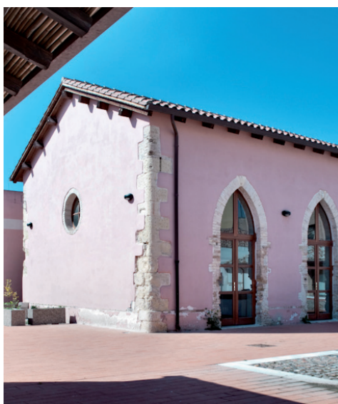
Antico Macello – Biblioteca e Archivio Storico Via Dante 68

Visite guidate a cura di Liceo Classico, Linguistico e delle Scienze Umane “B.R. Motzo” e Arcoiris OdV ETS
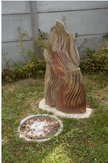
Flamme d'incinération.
* * *
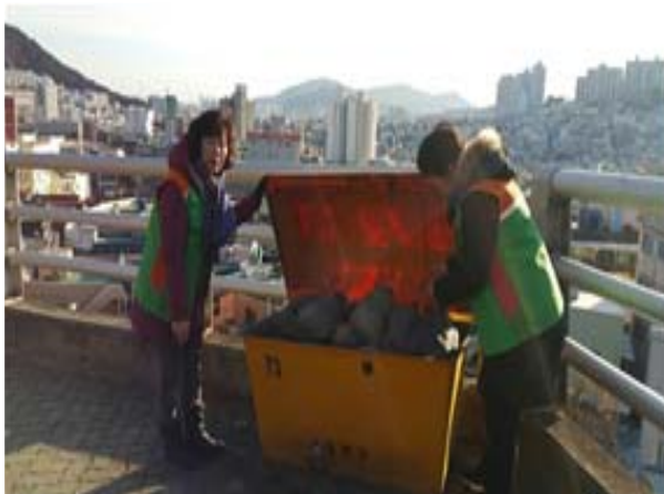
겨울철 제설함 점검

(YOUR INSTRUCTIONS): Reproduce exactly, with no pictures, the lines above from the one holding "Visite guidate a" to the one holding "Flamme d'incinération.", inclusive.

(TASK RESULT):
Visite guidate a cura di Liceo Classico, Linguistico e delle Scienze Umane “B.R. Motzo” e Arcoiris OdV ETS
Flamme d'incinération.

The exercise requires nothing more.